Это он говорит просто, как про инструмент.
— Ты почему молчал раньше? — спрашиваю я.
— А когда было говорить? Меня в экипаж брали не плавать.
Четыре человека, и каждый назвал ровно то, что знает.
И вот теперь я стою перед тем, от чего тридцать лет прятался за регламентом.
В прежней жизни у меня на такой случай были карта, руководство и голос земли в наушниках. Кто-то другой уже посчитал за меня допустимые режимы, кто-то третий подписал, а если решение оказывалось неверным — оно всё равно было принято не мной одним. Здесь никто ничего не подписывал. Здесь есть только я, стрелка на упоре и четыре человека, которые сказали мне правду и ждут.
Я смотрю на стрелку. Она прошла ещё одно деление.
В другой жизни в другом теле я вывел троих из горящей машины и остался, потому что так было правильно и потому что за меня уже всё решила физика. Сегодня физика ничего за меня не решает. Сегодня решаю я, и любой выбор — это чья-то жизнь.
— Тимка, передавай квадрат, — говорю я. — Каждые две минуты, пока есть питание.
— Есть!
— Литвинов, дай мне точку у Сырве, где мельче всего.
— Уже даю.
— Федя, лодку к люку. Ножи чтоб были при себе.
— А мы что делаем-то?
— Мы делаем и то, и другое, — говорю я. — Я держу мотор столько, сколько он даст. Как только он начнёт умирать по-настоящему — я сажаю нас на воду с той высоты, которая останется. Не раньше. И не позже.
Я возвращаю обороты ровно настолько, чтобы почти погасить снижение. Высота теперь уходит медленно, зато стрелка температуры прижимается к упору.
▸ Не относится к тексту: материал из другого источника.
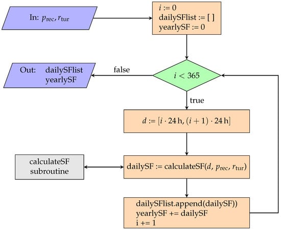 The SF computation method we presented (“calculateSF”) can be used to calculate SF for a whole year through iterating over each day of the year. A flow chart diagram of this procedure is depicted in Figure 5.

Это и есть выбор. Не между двумя вариантами, а внутри одной секунды, которую я должен буду узнать.
— Принято, — говорит Литвинов за всех.
Мы идём в темноте, и я слушаю мотор так, как никогда до этого не слушал.
Он начинает менять голос на восьмой минуте.
Сначала пропадает ровность: в мерном гуле появляется что-то жёсткое, будто внутри перекатывается камешек. Потом обороты сами по себе падают на полсотни и возвращаются.